When Tom Cruise used a gesture-driven video display to search for future criminals in the film Minority Report he was interacting with a CGI-enhanced setup designed in part by John Underkoffler, a former PhD student of MIT’s Tangible Media Group.  In a fantasy-become-reality scenario, Underkoffler went on to form Oblong Industries, a design group that released a first version of G-Speak, a working version of the gestural interface from the movie, in November 2008.

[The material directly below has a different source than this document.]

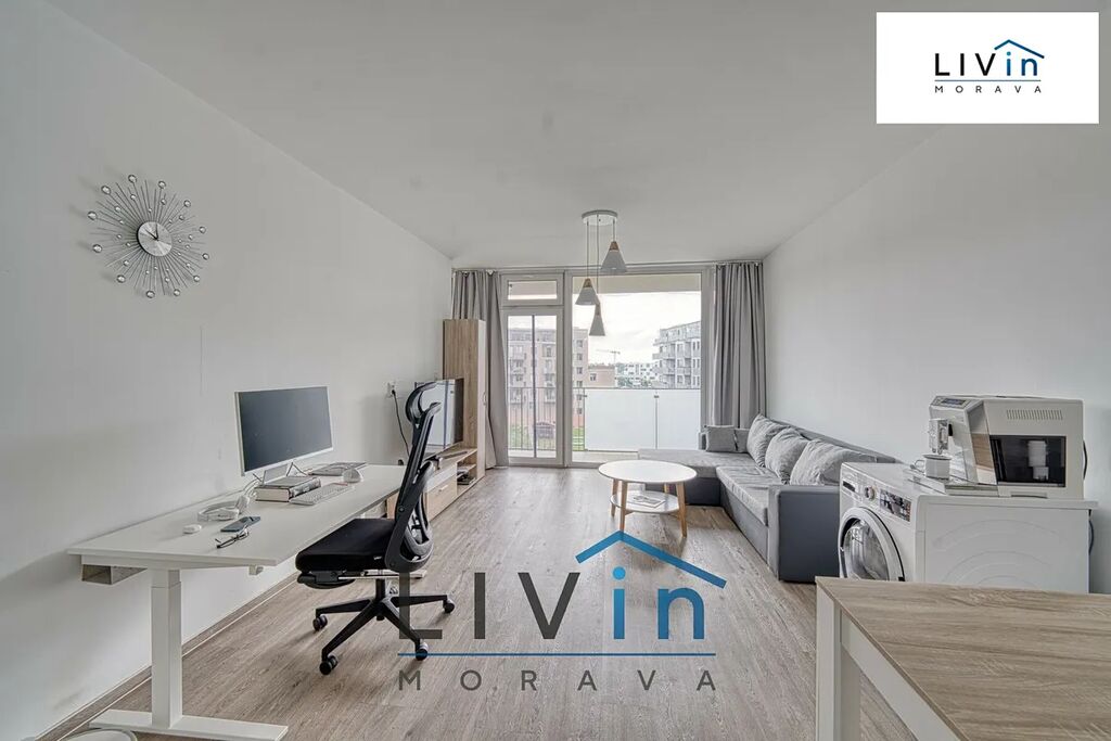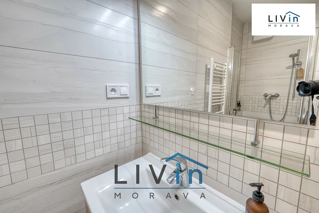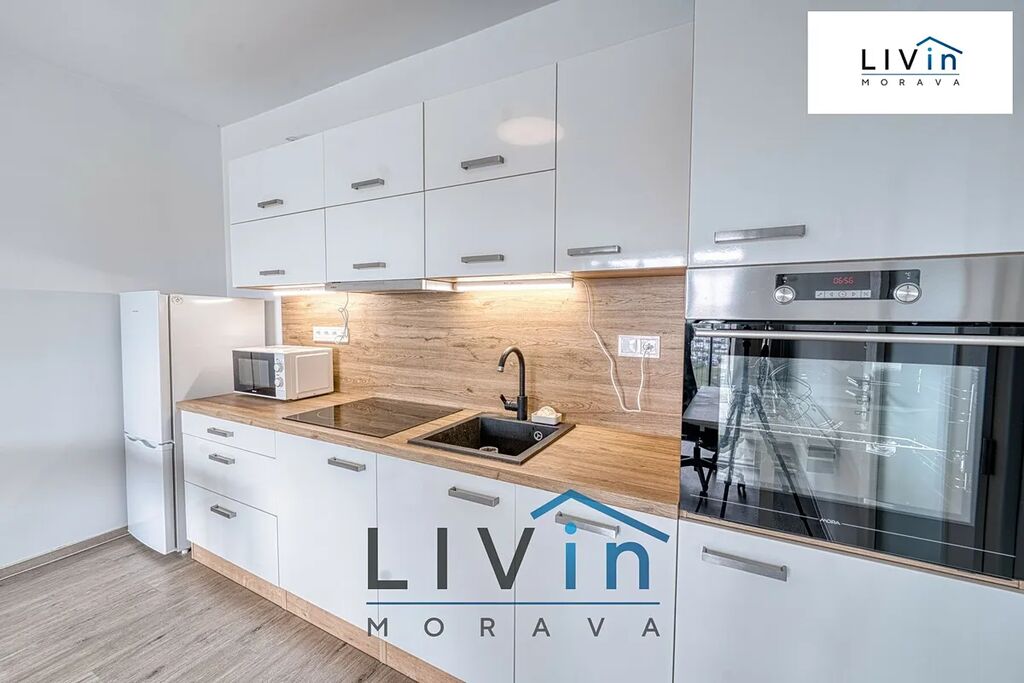 Součástí vybavení je moderní kuchyňská linka s vestavnými spotřebiči – myčkou nádobí, indukční varnou deskou s digestoří, horkovzdušnou troubou. V ložnici najdete prostornou vestavěnou skříň. Na chodbě je zrdcadlo a věšák. V koupelně sprchový kout a místo pro pračku (či set pračky a sušičky). V obou pokojích jsou záclony a zatmívací závěsy.

A portable technology that takes a related role is SixthSense , developed by Pranav Mistry at MIT Media Lab’s Fluid Interfaces Group – a wearable computer that projects its display onto any surface and uses hand or finger gestures for interaction. For example, users can take a snapshot of a landscape scene simply by framing the scene with their (colour-coded) fingertips, similar to Tom’s gesture in the image  above. This technology extends the “multi-touch”  concept into a “multi-gesture” mode, allowing users to engage in more complex forms of visual interaction.  Watch a video of  the FIG’s Professor Patti Maes describing the system at a TED talk in February 2009 below.

Critics of gestural interfaces usually point out that existing interface devices such as touchpads, mice and keyboards require less physical effort than gesticulating in space with arms extended, as the G-Speak interface seems to require.  Personally, I think this type of interface has a place in certain disciplines where creative manipulation of virtual or real 3D objects can enhance learning.  Virtually conducting a synthesised orchestra could be one way of exploiting the potential of a gestural interface. Conductors could quickly experiment with the placement of virtual orchestral performers – maybe bring the French Horns in closer and push the Harpist off to the left, etc.

Adding force feedback to the interface opens up further potential for creative interaction or precise procedural activity.  Intuitive Surgical’s da Vinci Surgical System provides surgeons with sufficient tactile feedback to allow precision surgery where the actual procedure is done entirely by a human-guided robot. Virtual musical instruments such as bowed devices can provide musicians with sufficient synthetic feedback to create a virtuoso performance or create entirely new forms of music. Get in touch with your inner interface soon.